Hainan Tengyuan, a Chinese technology company, was actively recruiting English language translators in March according to job adverts seen by the Financial Times — nine months after US law enforcement agencies accused Beijing of setting up such companies as a “front” for spying operations against western targets.
Hainan Tengyuan is also part of a wider network of companies that has links, including common contact details and employees, with another tech firm Hainan Xiandun, which was exposed by the FBI in a 2021 indictment as a cover for the Chinese hacking group APT40.
APT40 is accused of cyber espionage targeting scientific research into Ebola, HIV, and Mers, as well as maritime industries and naval defence contractors across the US and Europe. Western agencies have also said the group was responsible for a hacking campaign against Cambodian opposition MPs, political institutions, and NGOs in the run-up to the country’s 2018 national elections.

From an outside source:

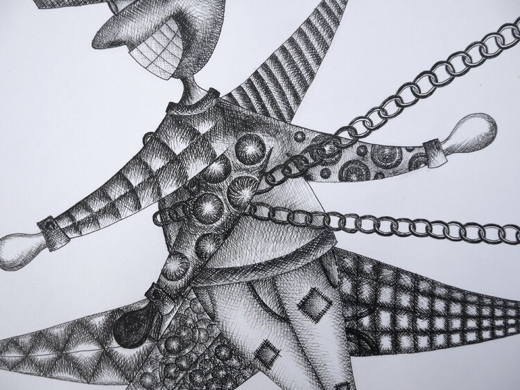 « Dans sa simplicité, la ligne est l'élément central de mes tableaux, elle crée des connexions et des frontières, le dédoublement crée des espaces. »

Dmitri Alperovitch, co-founder of security group CrowdStrike and now head of the Silverado Policy Accelerator think-tank, said the fact that the front companies were continuing to advertise even after FBI exposure was evidence that indictments against Chinese government personnel are becoming less effective.
While the first round of indictments against People’s Liberation Army cyber units in 2014 had sent “shockwaves through the Chinese system”, he said, such public accusations had become less of a deterrent given that repercussions for state officials tend to be minimal.
It is common for intelligence services such as the US’s CIA or the UK’s GCHQ signals intelligence agency to actively recruit prospective spies while at university and through advertising jobs publicly. But China’s use of front companies to disguise their work means some applicants are being drawn unwittingly into a life of espionage.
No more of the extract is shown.